TASK MATERIAL Block Start

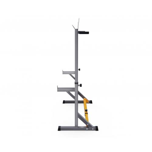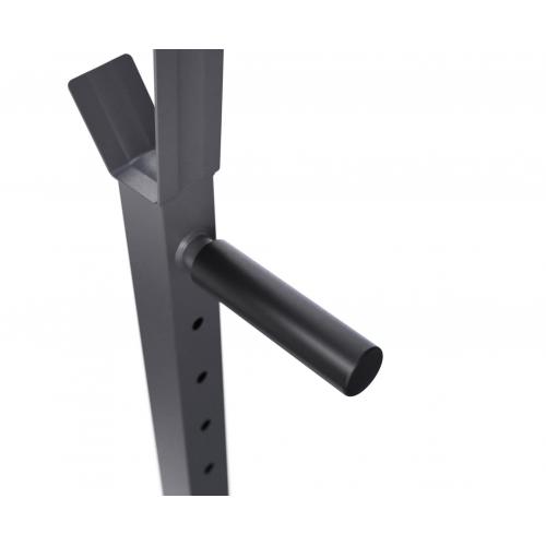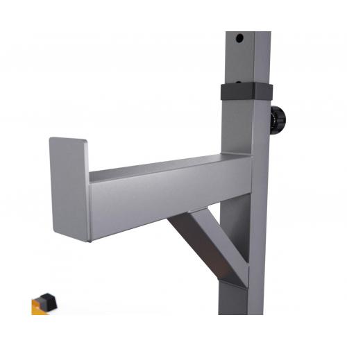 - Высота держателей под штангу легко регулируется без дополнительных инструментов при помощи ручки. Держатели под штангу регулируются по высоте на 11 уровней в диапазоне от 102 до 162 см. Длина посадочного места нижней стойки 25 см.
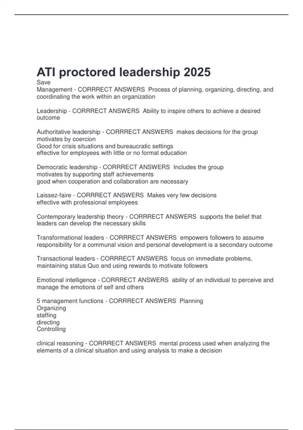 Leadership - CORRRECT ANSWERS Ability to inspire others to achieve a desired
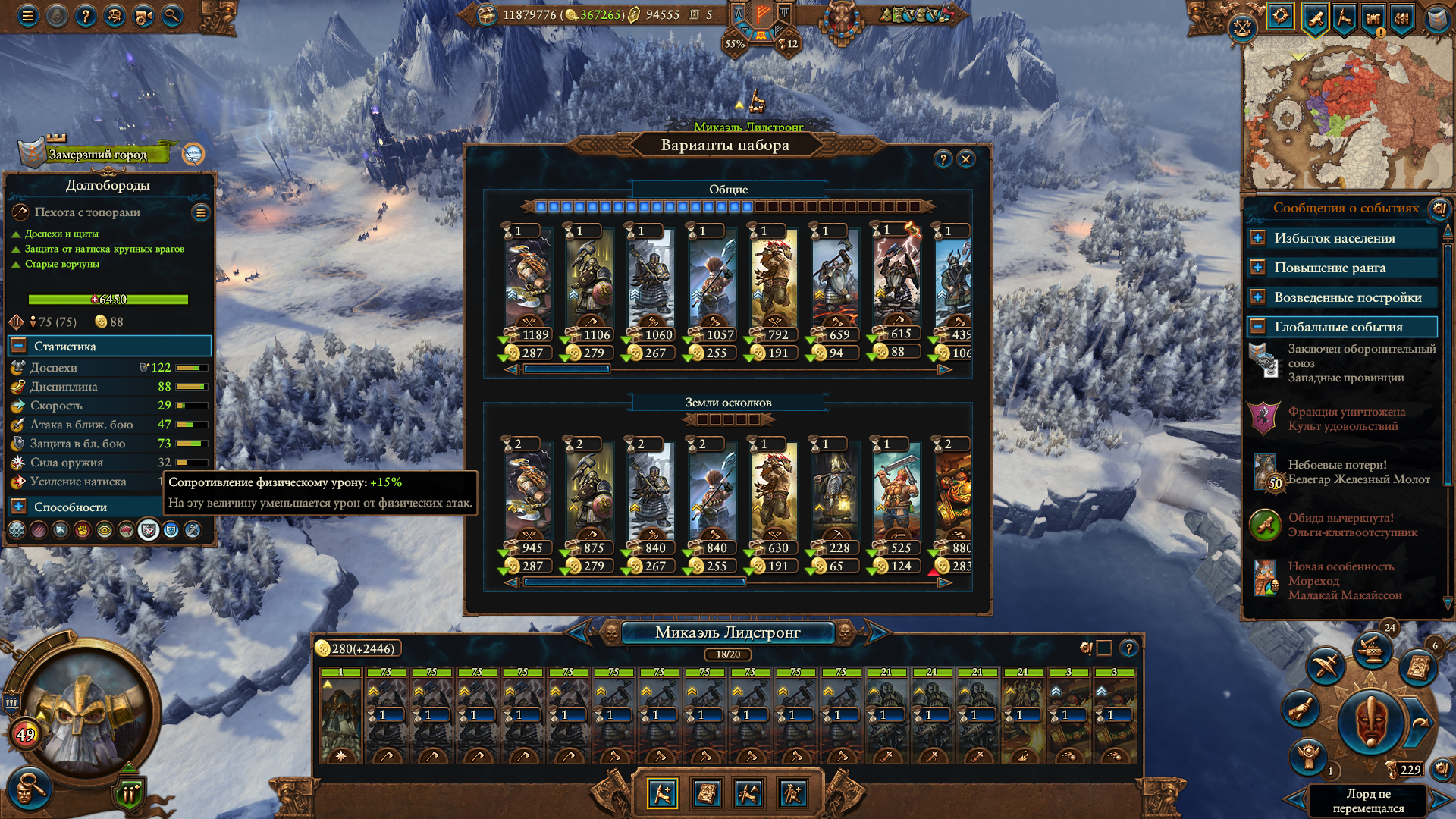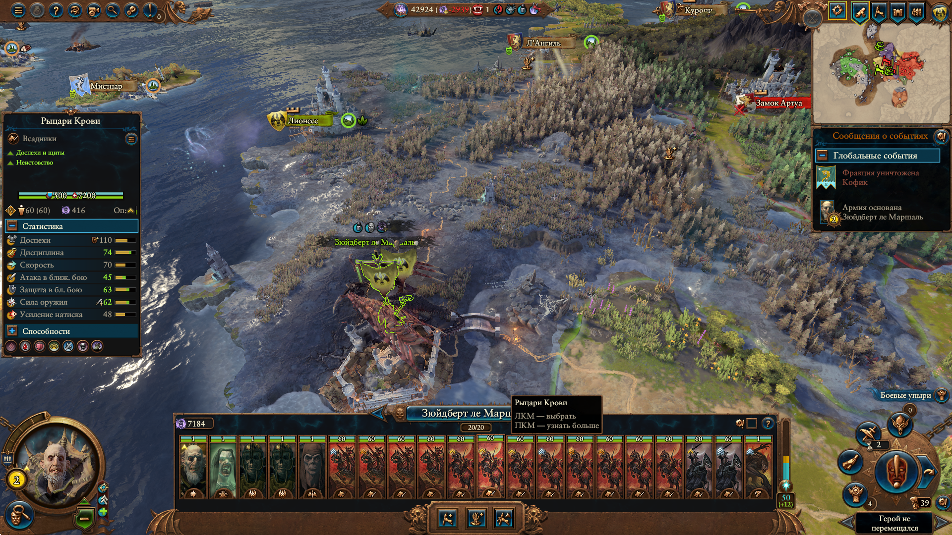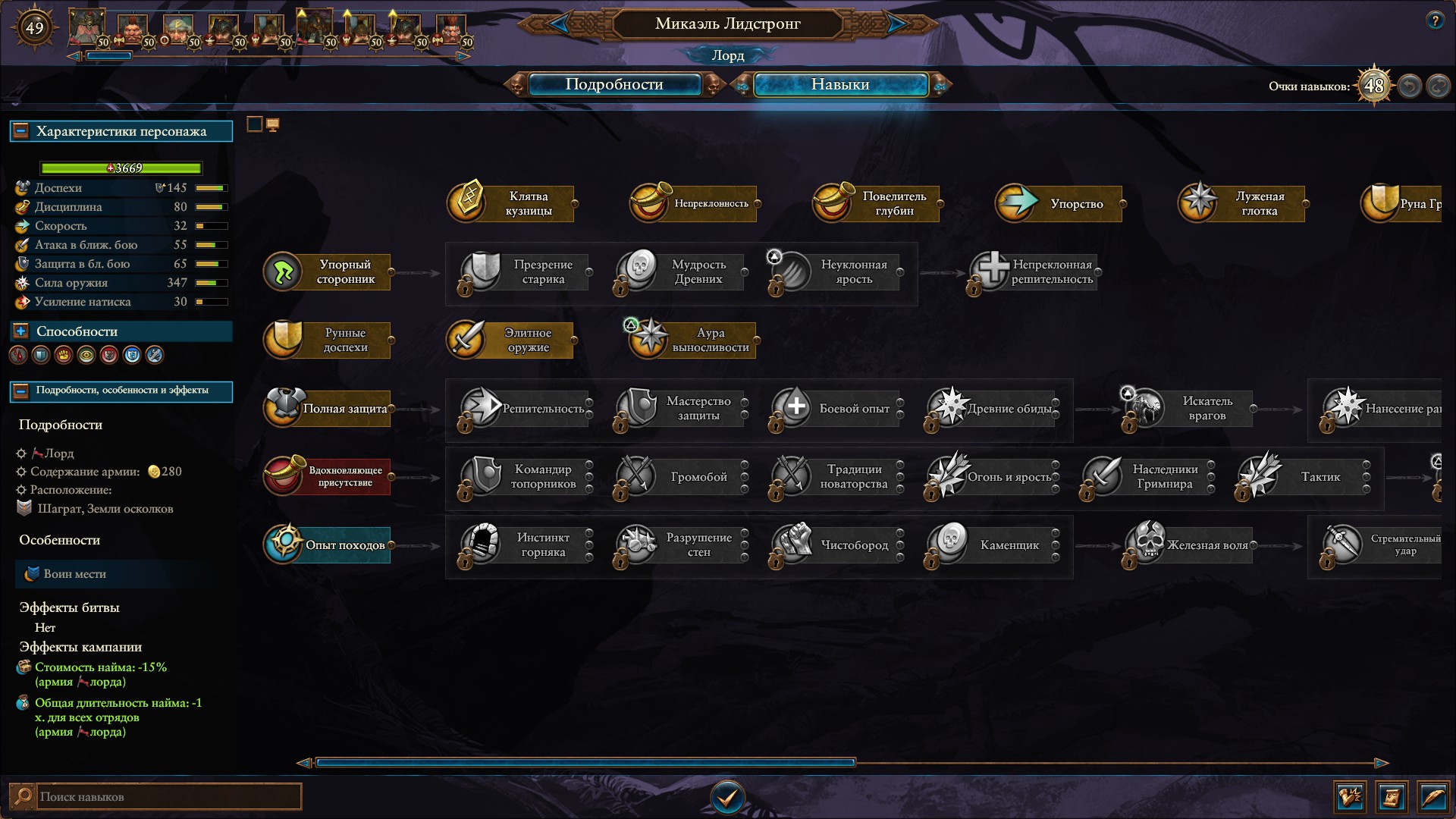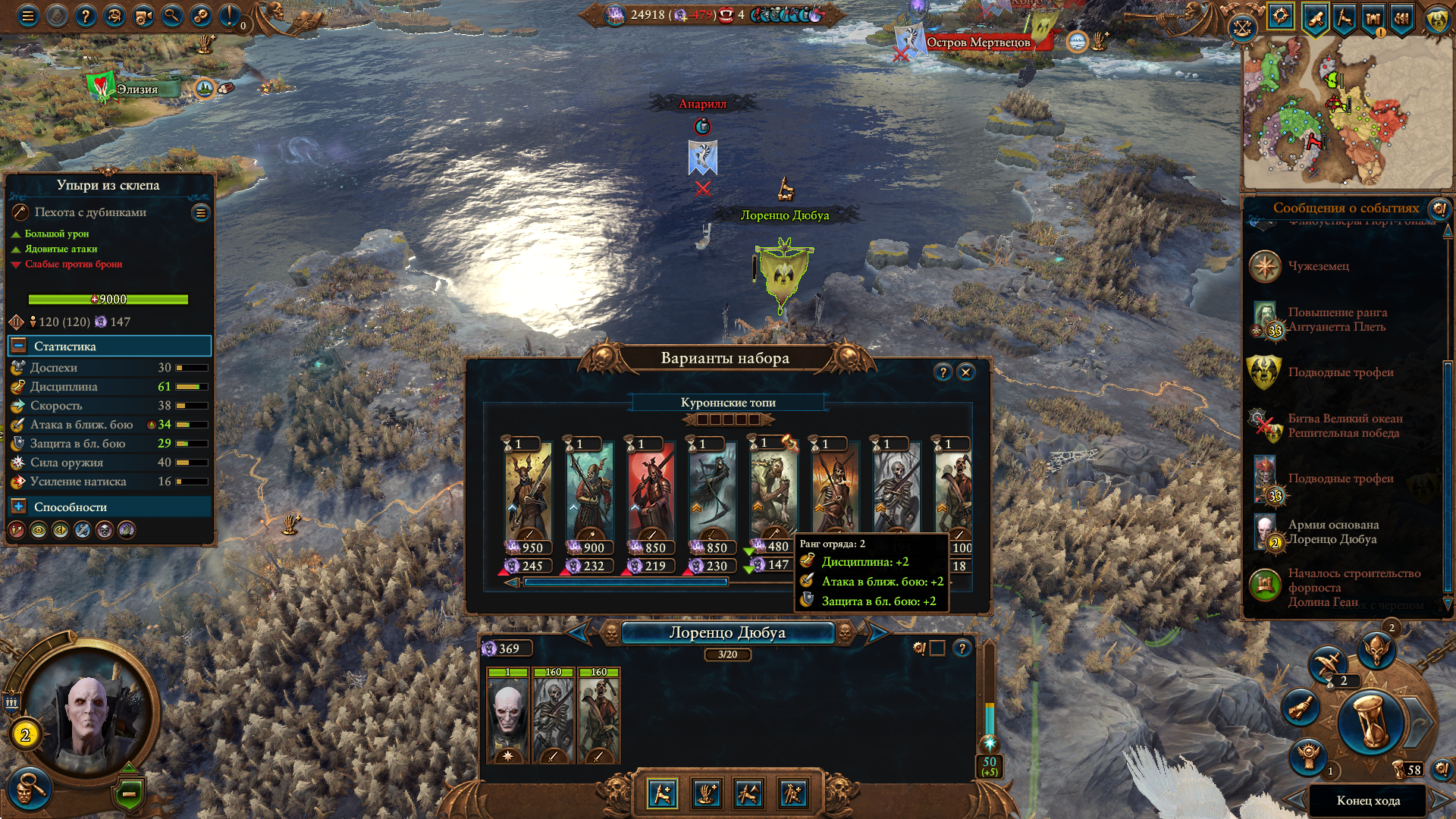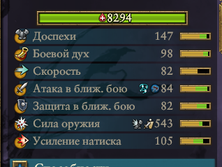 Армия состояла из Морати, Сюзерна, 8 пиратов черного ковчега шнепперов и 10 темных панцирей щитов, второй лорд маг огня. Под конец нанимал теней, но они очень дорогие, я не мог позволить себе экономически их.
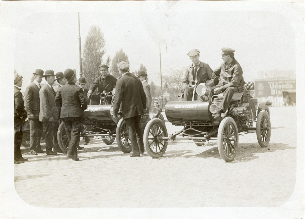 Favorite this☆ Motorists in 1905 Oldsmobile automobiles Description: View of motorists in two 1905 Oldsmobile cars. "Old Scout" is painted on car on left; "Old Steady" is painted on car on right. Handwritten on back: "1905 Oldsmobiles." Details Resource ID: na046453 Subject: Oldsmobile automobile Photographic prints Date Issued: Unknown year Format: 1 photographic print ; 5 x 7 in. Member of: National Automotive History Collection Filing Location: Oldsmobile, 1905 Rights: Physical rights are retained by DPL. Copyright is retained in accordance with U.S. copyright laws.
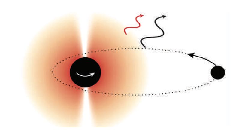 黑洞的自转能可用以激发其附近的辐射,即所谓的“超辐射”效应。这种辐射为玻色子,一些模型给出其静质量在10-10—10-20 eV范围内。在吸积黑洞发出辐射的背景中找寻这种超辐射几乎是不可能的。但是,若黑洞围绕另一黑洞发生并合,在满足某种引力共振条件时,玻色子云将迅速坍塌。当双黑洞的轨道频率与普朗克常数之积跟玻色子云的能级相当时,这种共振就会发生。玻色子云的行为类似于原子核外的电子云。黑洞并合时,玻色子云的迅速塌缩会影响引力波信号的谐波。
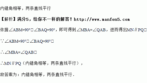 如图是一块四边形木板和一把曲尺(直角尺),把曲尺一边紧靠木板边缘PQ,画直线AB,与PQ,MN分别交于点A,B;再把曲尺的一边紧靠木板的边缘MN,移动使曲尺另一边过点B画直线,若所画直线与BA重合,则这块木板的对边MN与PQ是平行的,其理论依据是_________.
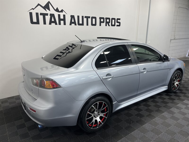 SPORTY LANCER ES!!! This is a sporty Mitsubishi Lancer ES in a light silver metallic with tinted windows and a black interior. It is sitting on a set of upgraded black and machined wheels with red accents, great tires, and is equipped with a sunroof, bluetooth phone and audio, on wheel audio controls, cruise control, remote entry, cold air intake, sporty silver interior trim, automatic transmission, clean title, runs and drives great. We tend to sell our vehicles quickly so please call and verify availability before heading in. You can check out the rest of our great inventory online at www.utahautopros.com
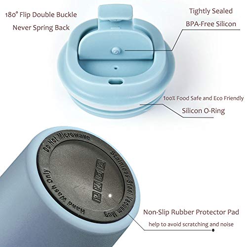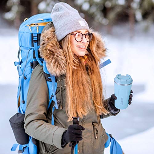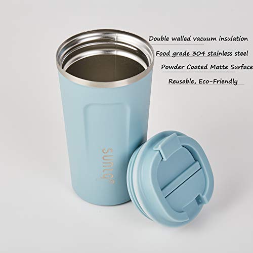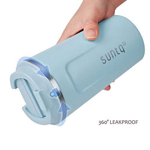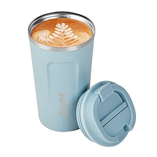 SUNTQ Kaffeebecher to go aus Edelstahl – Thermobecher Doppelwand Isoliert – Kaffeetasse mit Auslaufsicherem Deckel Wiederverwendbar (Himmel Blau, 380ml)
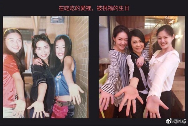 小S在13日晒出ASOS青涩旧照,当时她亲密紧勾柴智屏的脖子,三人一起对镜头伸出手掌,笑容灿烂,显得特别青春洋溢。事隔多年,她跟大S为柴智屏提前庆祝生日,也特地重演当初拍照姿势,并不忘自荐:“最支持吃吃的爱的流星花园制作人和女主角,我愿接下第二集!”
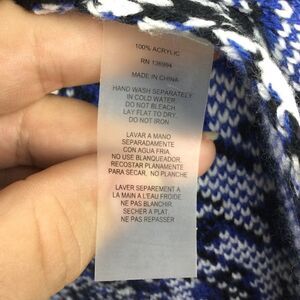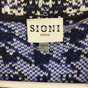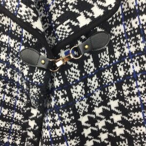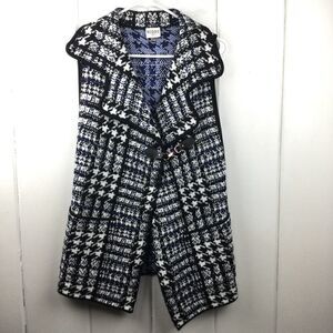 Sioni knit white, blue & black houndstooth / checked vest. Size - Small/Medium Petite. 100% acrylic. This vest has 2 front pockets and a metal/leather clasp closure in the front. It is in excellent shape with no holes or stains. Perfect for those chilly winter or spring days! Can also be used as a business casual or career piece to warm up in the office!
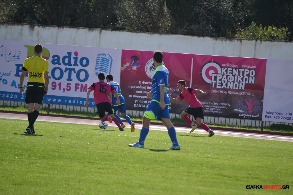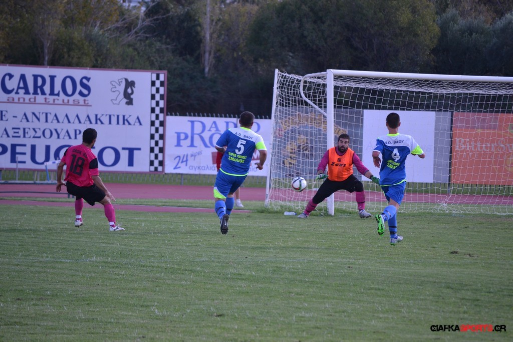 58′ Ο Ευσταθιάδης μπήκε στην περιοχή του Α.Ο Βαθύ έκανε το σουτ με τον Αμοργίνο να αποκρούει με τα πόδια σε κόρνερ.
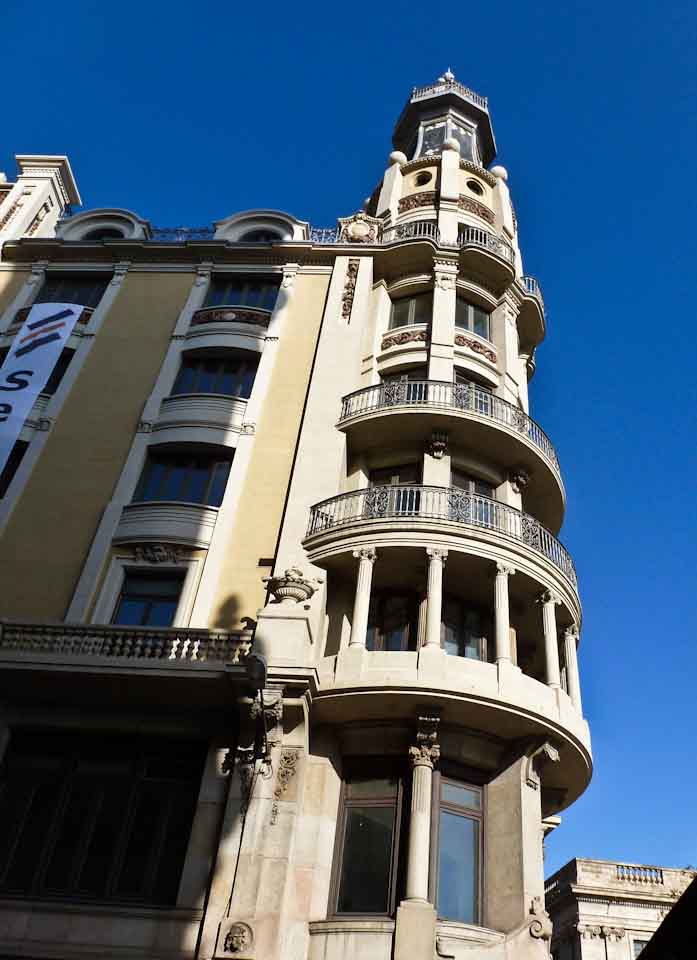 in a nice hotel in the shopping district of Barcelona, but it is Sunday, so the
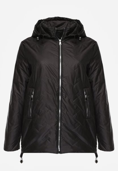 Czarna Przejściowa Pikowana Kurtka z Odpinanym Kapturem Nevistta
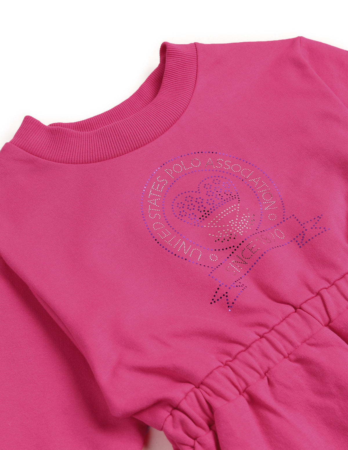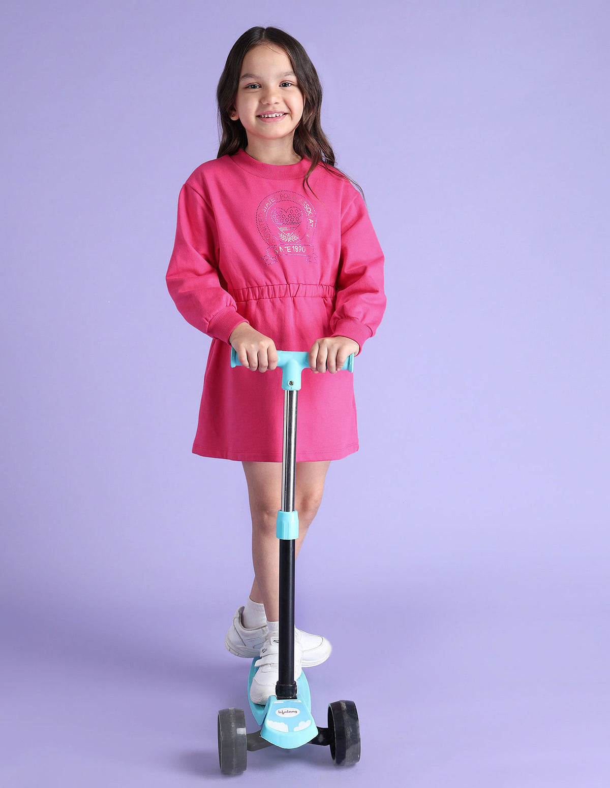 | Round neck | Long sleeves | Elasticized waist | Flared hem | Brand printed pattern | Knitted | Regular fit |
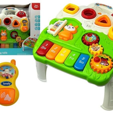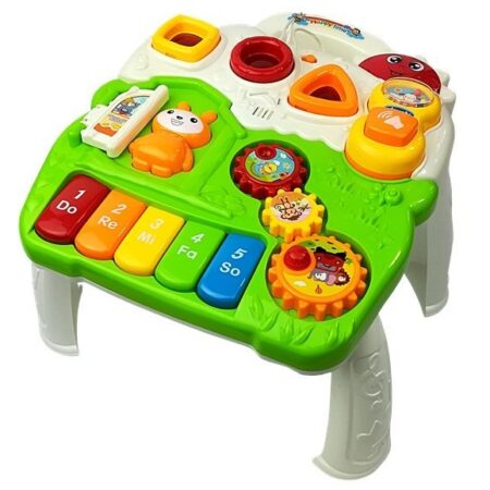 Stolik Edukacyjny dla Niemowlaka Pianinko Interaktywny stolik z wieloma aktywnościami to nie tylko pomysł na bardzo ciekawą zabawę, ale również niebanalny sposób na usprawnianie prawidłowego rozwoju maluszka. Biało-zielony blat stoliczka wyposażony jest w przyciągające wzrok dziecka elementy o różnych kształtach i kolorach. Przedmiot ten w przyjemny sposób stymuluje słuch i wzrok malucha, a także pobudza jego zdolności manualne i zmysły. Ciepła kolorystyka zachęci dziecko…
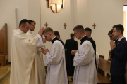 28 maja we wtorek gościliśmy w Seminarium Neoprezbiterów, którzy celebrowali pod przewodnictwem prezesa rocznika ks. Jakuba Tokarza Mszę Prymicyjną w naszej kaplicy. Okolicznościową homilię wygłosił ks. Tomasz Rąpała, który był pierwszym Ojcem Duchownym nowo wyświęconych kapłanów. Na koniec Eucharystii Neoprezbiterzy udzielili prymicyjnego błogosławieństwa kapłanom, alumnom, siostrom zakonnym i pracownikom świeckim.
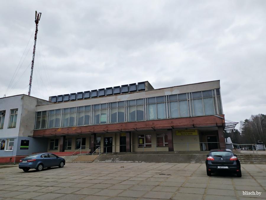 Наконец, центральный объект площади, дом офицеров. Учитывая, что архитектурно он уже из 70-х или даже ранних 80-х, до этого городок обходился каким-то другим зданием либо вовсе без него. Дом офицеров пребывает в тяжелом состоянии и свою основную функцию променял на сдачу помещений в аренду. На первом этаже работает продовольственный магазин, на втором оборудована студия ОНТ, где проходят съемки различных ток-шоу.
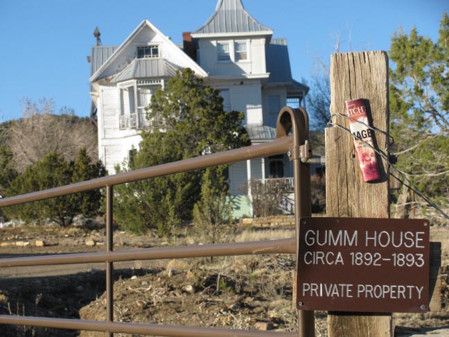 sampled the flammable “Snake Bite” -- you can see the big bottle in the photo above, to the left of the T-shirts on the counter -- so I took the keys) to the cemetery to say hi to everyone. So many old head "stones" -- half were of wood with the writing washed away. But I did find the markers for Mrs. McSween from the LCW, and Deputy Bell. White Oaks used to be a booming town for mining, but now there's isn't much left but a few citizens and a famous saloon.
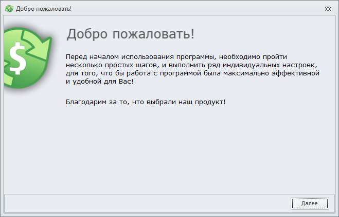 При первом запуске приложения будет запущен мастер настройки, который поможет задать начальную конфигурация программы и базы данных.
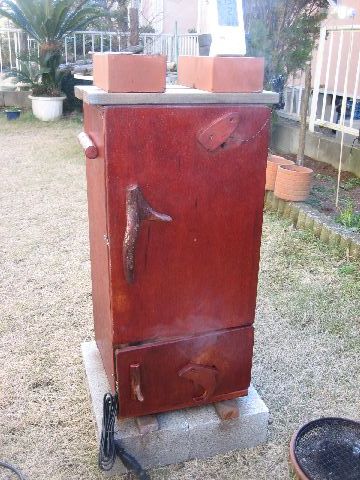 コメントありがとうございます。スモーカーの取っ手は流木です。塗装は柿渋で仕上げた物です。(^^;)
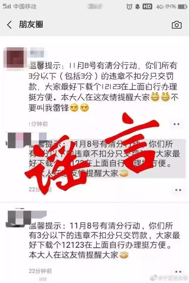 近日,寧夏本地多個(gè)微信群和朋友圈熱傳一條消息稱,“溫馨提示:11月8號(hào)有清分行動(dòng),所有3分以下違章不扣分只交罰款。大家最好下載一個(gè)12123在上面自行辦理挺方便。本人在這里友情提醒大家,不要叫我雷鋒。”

TASK MATERIAL Block End

§ **WORK INSTRUCTIONS**
An exact reproduction of the lines from the line containing "コメントありがとうございます" through the end of the listing above is needed; pictures stay out.

§ **RESPONSE AREA**
 コメントありがとうございます。スモーカーの取っ手は流木です。塗装は柿渋で仕上げた物です。(^^;)
 近日,寧夏本地多個(gè)微信群和朋友圈熱傳一條消息稱,“溫馨提示:11月8號(hào)有清分行動(dòng),所有3分以下違章不扣分只交罰款。大家最好下載一個(gè)12123在上面自行辦理挺方便。本人在這里友情提醒大家,不要叫我雷鋒。”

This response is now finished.